HumanAIGC / EMO

Emote Portrait Alive: Generating Expressive Portrait Videos with Audio2Video Diffusion Model under Weak Conditions
7.44k stars 901 forks source link

Does anyone have a plan to reproduce EMO? #202

Open liuzhuang1024 opened 6 months ago

johndpope commented 6 months ago

progress thus far

downloaded - https://academictorrents.com/download/843b5adb0358124d388c4e9836654c246b988ff4.torrent

https://github.com/johndpope/Emote-hack

created some data loader EMODataset.py

HeadRotation.py - using mediapipe get_head_pose_velocities_at_frame image

SpeedEncoder do the tanh thing to categorise head motion to speed bucket

Wav2VecFeatureExtractor using wav2vec2 (maybe it needs to be downgraded?) extract_features_from_mp4 - get nearby frames

Backbone / attention layers - WIP https://github.com/johndpope/Emote-hack/blob/main/Net.py

UPDATE (the rest of the code is scrap heap at the moment.)

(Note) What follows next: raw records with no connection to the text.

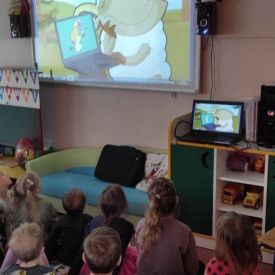 Przedszkolaki podczas zajęć obejrzały bajki edukacyjne z serii ,,Bezpieczeństwo w sieci”,,,Owce w sieci”, „Bez kożuszka”, „Tajemniczy przyjaciel”, które ukazywały dzieciom, że Internet niesie ze sobą różne zagrożenia.
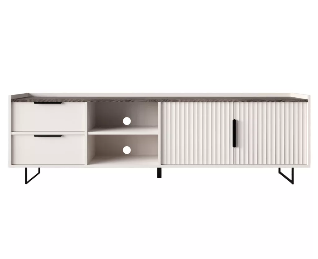 Modern, letisztult vonaltervezésű nappalisorunk elegáns és praktikus megoldást kínál bármely otthonba. A függőleges bordázott ajtók finom textúrát adnak a bútornak, miközben megőrzik a minimalisták által kedvelt egyszerűséget. A széles Tv szekrény tágas tárolóhelyet bizotsít. A karcsú, fekete lábak stabil tartást adnak, ugyanakkor modern megjelenést kölcsönöznek.
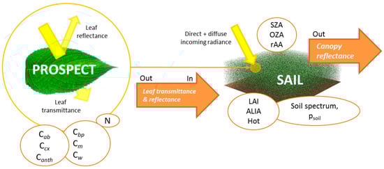 Note that specific SAIL and PROSPECT versions are embedded in the integrated radiative transfer and energy balance model “Soil-Canopy Observation of Photosynthesis and Energy” (SCOPE) [64]. Moreover, the free ARTMO (Automated Radiative Transfer Models Operator) platform provides the possibility, amongst others, to elaborate any kind of spectral data with different leaf and canopy RTMs, such as PROSPECT and SAIL [65].
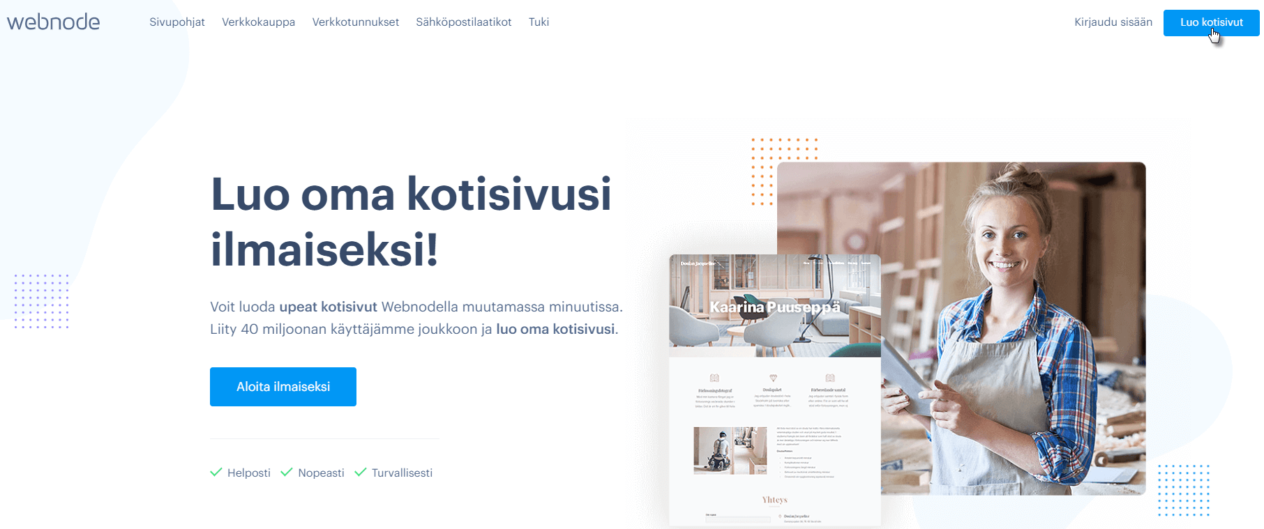 1. Mene sivulle www.webnode.fi ja klikkaa Luo kotisivut -painiketta.
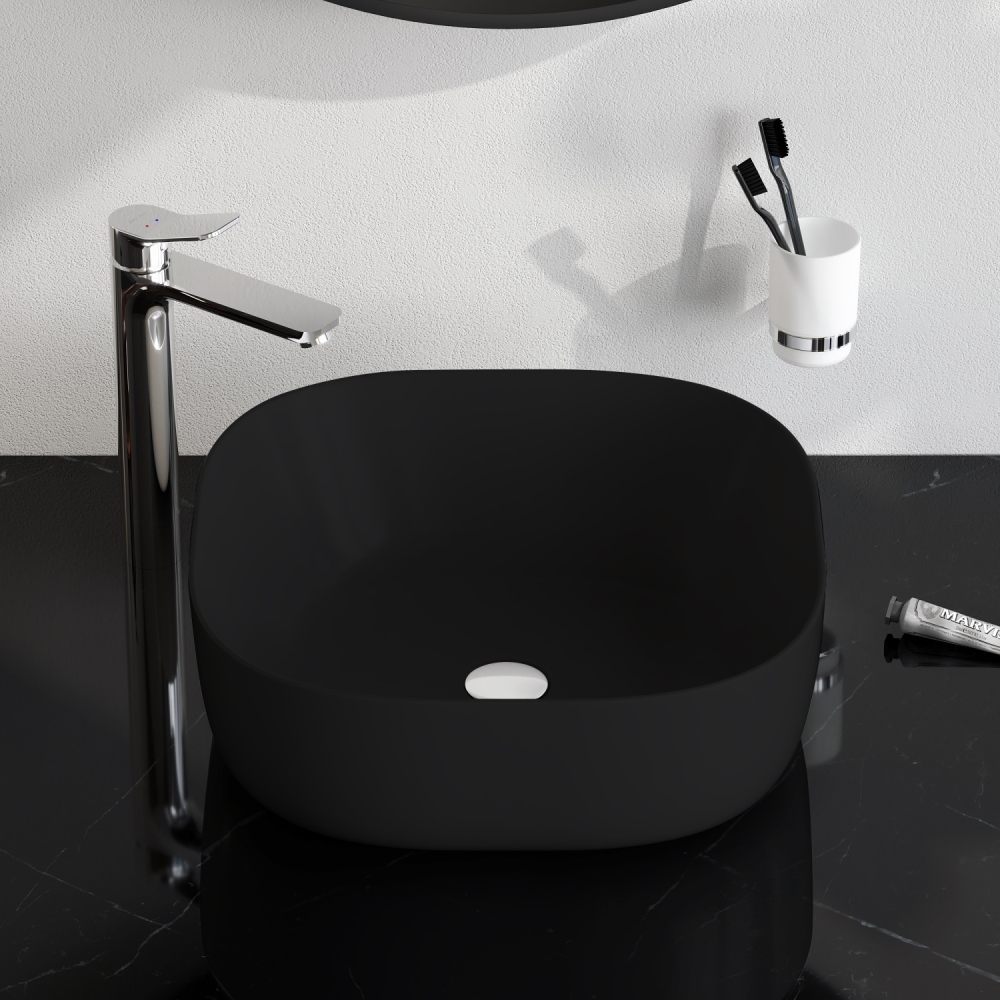 Дизайнерская накладная раковина идеально комбинируется с мебелью и столешницами коллекции Func.
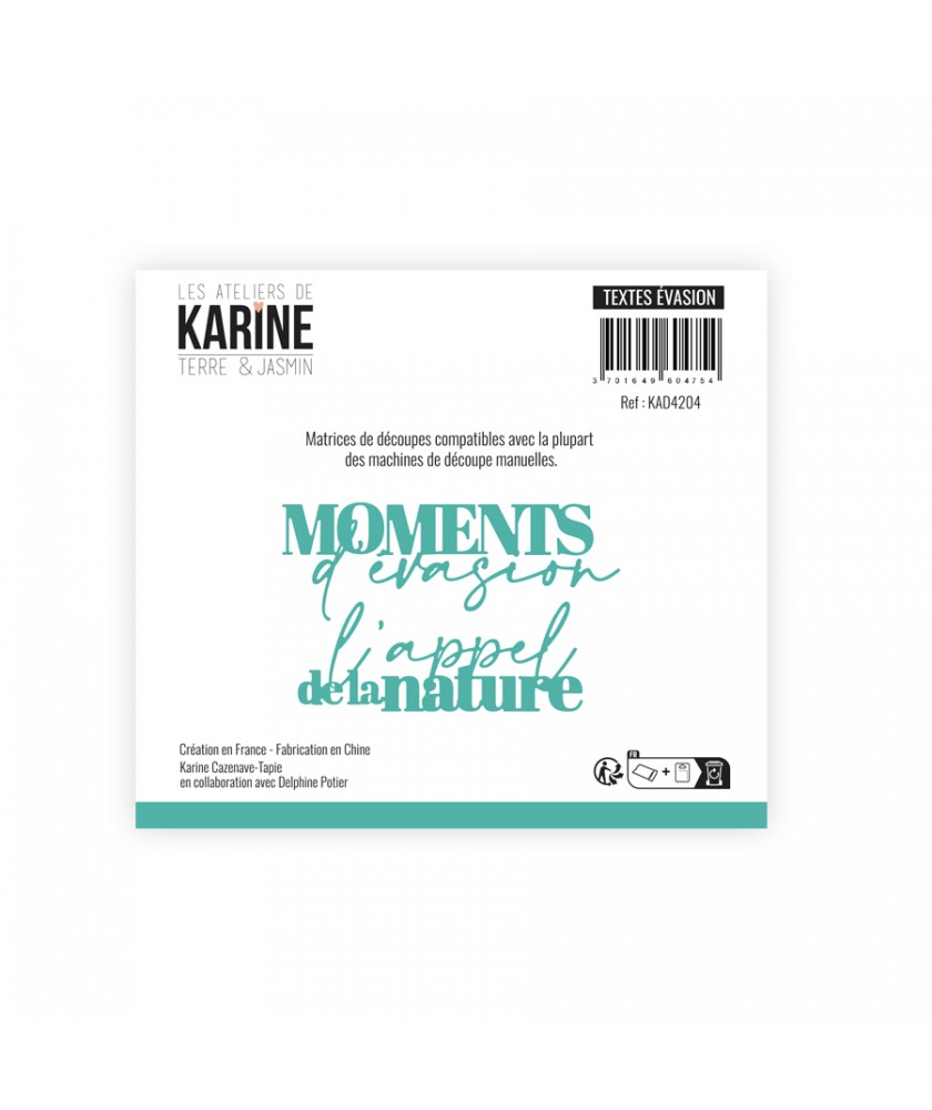 Dimension Texte Moments d'évasion 12.2 cm x 4.2 cm / l'appel de la nature 10 cm x 4 cm

the previous paper by HumanAIGC AnimateAnyone was successfully implemented by MooreThreads (includes training code) upvote here for them to recreate EMO paper. https://github.com/MooreThreads/Moore-AnimateAnyone/issues/98

this code is mostly cherry picked from magic-animate (does not include training code) - (which is based off animatediff) https://github.com/magic-research/magic-animate/tree/main

fire17 commented 6 months ago

@liuzhuang1024 awesome was gonna ask the same

@johndpope good luck man! We're all eagerly patient to see what you come up with!

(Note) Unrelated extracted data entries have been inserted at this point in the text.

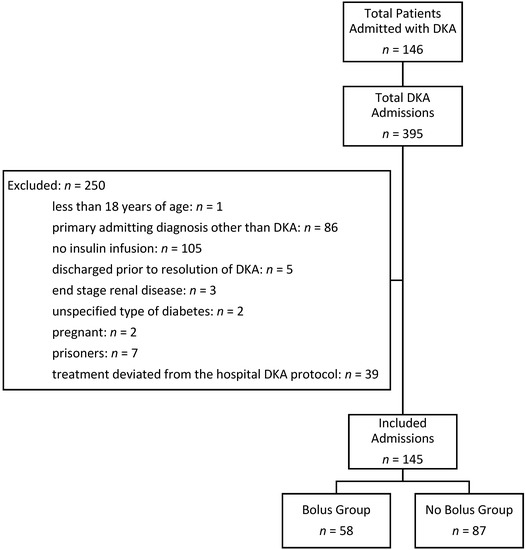 A total of 146 patients were admitted 395 times with an ICD-9/ICD-10 diagnosis of DKA between 1 September 2014 and 30 June 2016. Each hospital admission was evaluated separately. A total of 250 admissions were excluded from the analysis: 1 patient was less than 18 years of age, 86 patients had a primary admission diagnosis other than DKA, 105 patients did not receive an insulin infusion, 5 patients were discharged prior to the resolution of DKA, 3 patients were excluded for end stage renal disease, 2 patients were excluded for an unspecified type of diabetes, 2 patients were pregnant, 7 were prisoners, and 39 patients received treatment that deviated from the hospital’s DKA protocol. One hundred and forty five admissions from 76 patients were analyzed. A summary of admissions meeting inclusion and exclusion criteria is presented in Figure 1.
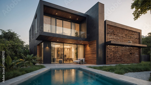 © Digital Art Studio, Fototapeta premium Modern style two-storey luxury house with private swimming pool, Generative ai
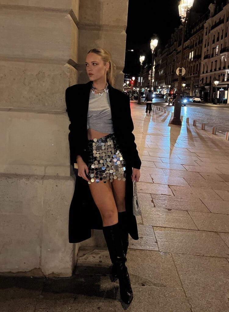 The sleek, monochrome look is elevated by the sparkle of the sequins, making it perfect for a chic and effortlessly cool New Year’s Eve outfit. Add bold accessories like a statement clutch or silver jewelry to complete the vibe.
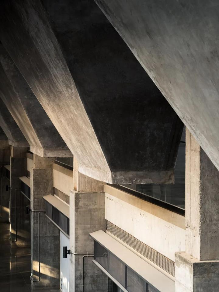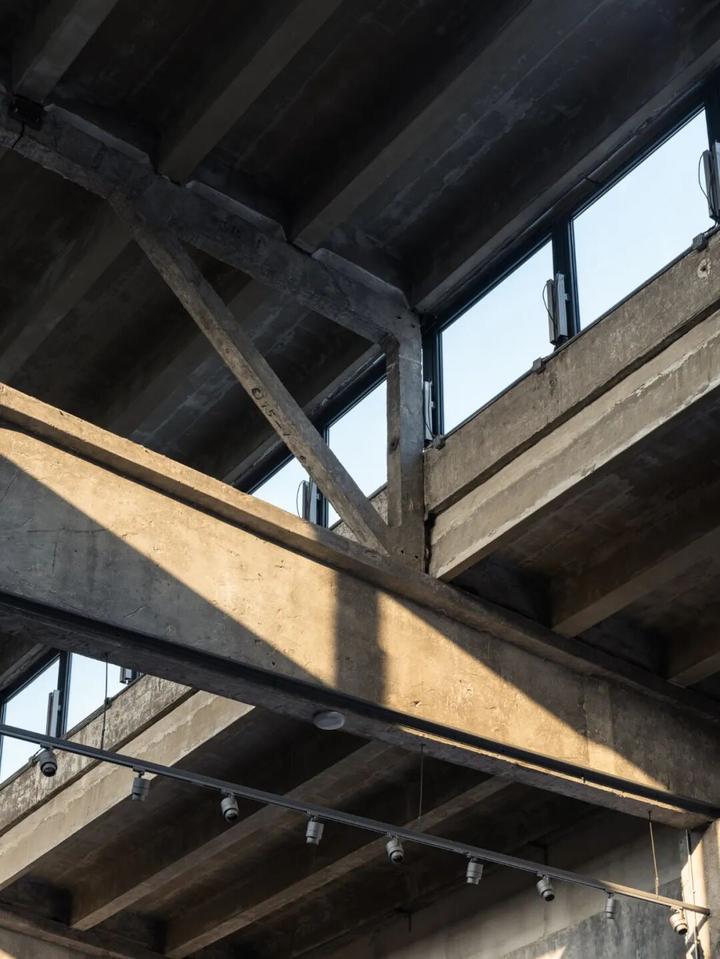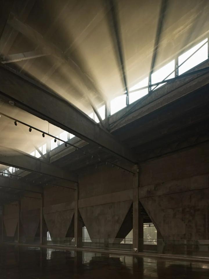 功能的转变还带走了老的生产设施,带来了新的建筑设备。部分较为杂乱机电设备经过优化隐藏,尽量减少了对原有空间的干扰。另一些具有表现性的管线选择了明露,比如主展厅的空调系统利用料斗和柱子之间的三角空隙布置了风管,配合 24 个球形喷口进行送风。精致的不锈钢风管,与原本粗拙的混凝土并置在一起,也相互映衬了各自的时代。

Has anyone found any other teams or people working in this? Hope to see people help each other and make this a reality. We're about to enter the golden age of open source 😁 All the best everyone!

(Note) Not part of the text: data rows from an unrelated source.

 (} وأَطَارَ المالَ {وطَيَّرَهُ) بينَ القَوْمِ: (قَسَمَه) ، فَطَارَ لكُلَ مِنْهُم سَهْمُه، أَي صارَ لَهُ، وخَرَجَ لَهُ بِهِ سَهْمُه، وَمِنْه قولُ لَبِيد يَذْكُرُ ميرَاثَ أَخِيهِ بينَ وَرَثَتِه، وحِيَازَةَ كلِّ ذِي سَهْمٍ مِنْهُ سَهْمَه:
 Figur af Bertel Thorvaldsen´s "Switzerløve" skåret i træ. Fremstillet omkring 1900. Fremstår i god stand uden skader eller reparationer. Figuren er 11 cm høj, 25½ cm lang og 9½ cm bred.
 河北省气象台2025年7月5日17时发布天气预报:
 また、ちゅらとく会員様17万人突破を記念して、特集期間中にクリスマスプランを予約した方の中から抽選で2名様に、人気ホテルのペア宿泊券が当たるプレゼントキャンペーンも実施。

liutaocode commented 6 months ago

@johndpope , great job. However, I have some suggestions after watching some videos from CelebV-HQ. You may manually filter them to ensure high resolution and remove bad cases, such as individuals wearing masks or significant background changes, etc. From my limited experience, training or fine-tuning Stable Diffusion can be quite unstable if the data contains too many bad cases.